Ignoring bulk change commits with git blame

17‑10‑2019 Arnout Boks 6 min.

A long-standing objection to making bulk changes to code using automated tools (e.g. to conform to a given code style) is that it clutters the output of git blame. With git 2.23, this does not have to be the case anymore! In this post I will start by explaining the value of git blame and how commits with style changes in bulk can be problematic. If you already understand this problem and just want a solution, you can directly skip to the new features git 2.23 has to offer.

Putting changes into context

A characteristic feature of legacy code is that it's often not clear why it operates the way that it does.

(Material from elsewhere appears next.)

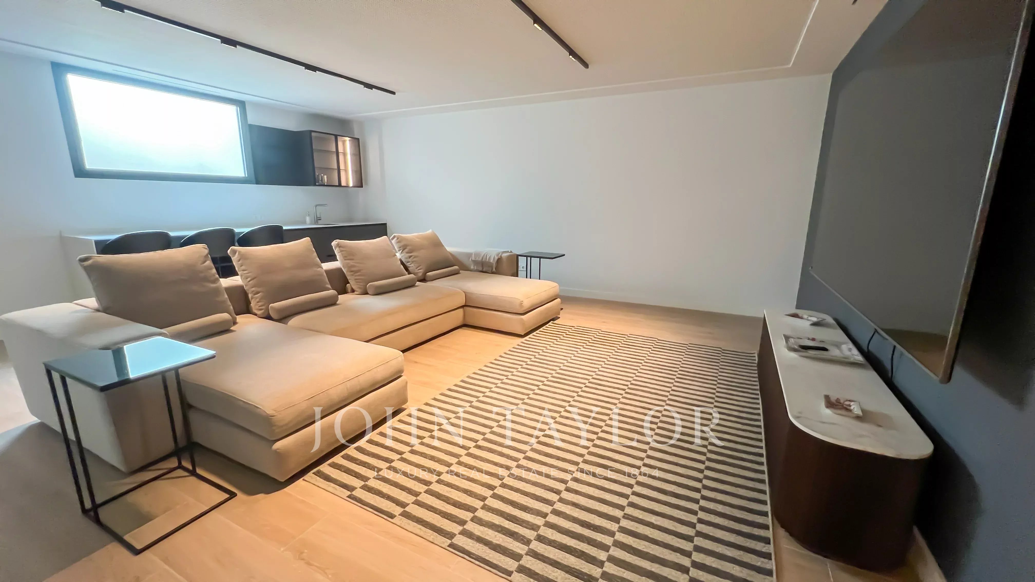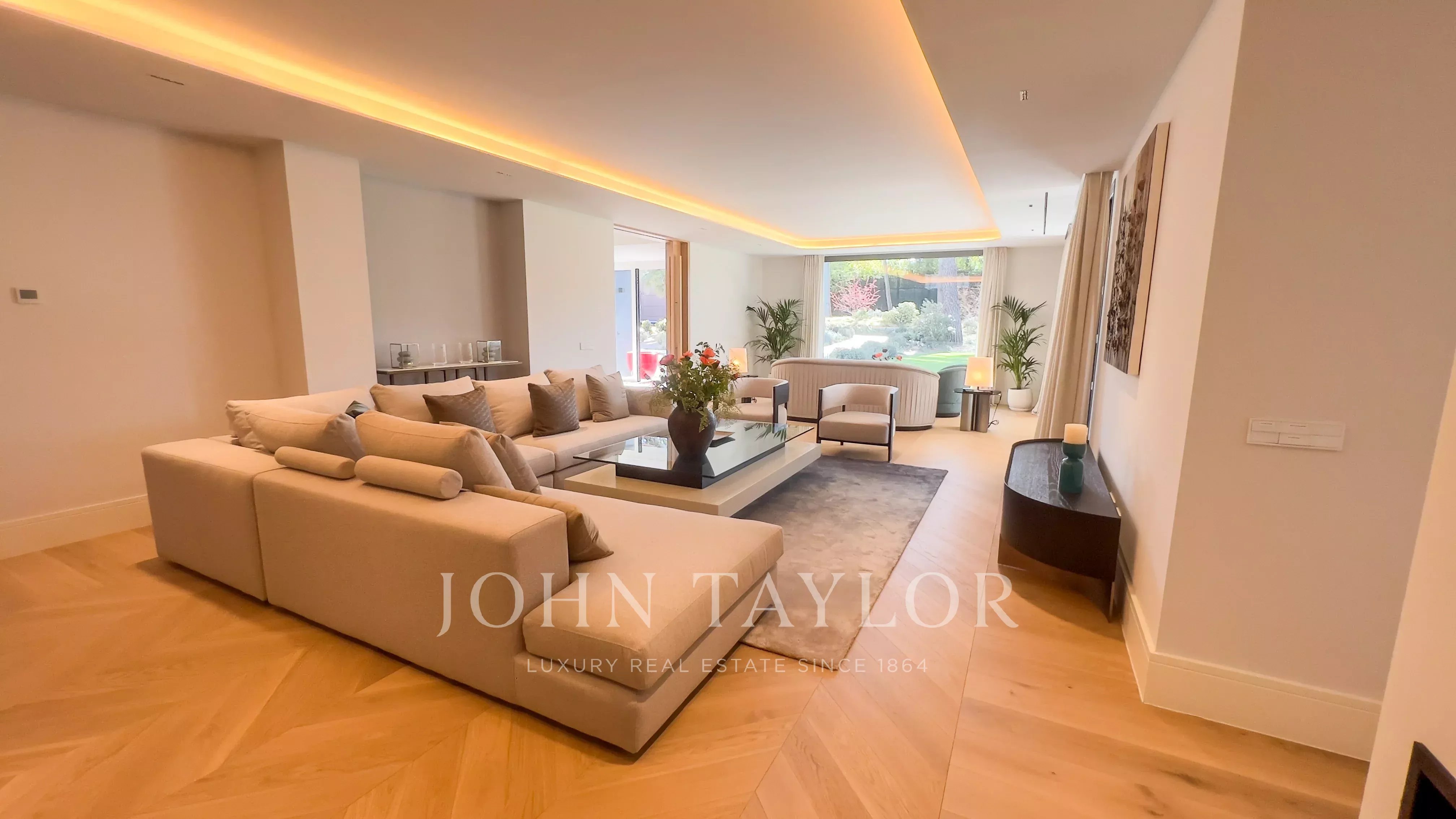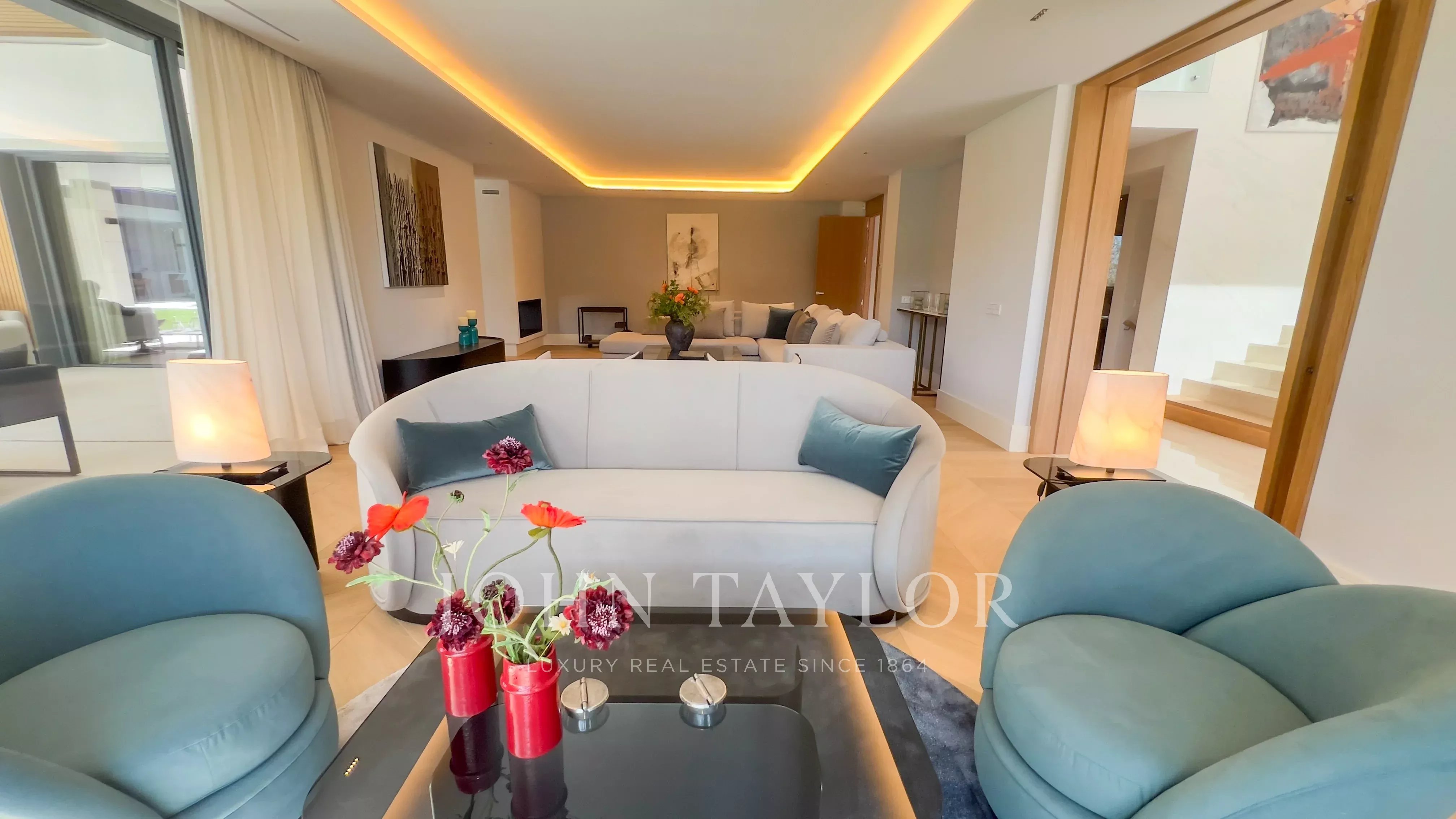 Hlavní patro obsahuje elegantní halu s dvojitou výškou, velký obývací pokoj s výstupem do zahrady a bazénu, obývací pokoj s barem, kuchyň s designem vybavenou spotřebiči Gaggenau a jídelní kout. V této úrovni se nachází také hlavní suite s vlastním salónem, dvěma šatnami a koupelnou, kromě toalet pro hosty.

Some of the original developers may have left or have been reassigned to another project, documentation is virtually nonexistent, and the few remaining developers do not remember all the details anymore. For example, one day you might stumble upon the follow piece of code:

<?php
function describeBottles(int $amount = 42): string {
    return 'There are ' . $amount . ' bottles of cider on the wall.';
}

Despite being an artificial example, this code already raises some questions. Why is the default amount of bottles being described 42? And why do we describe bottles of cider? Bottles of beer would be a more customary alternative, right? Still these choices were probably made for a good reason; it's just that we don't know that reason.

It would be good if the reasoning behind these choices was documented using comments. However, as happens with legacy code, this is not the case. How can we still find out the motivation behind the current state of the code? A version control system such as git (you use version control, right?) may be helpful here. If you write good commit messages that focus on the why rather than the how, you might be able to distill the context from there. We only need to find which commit made a given change.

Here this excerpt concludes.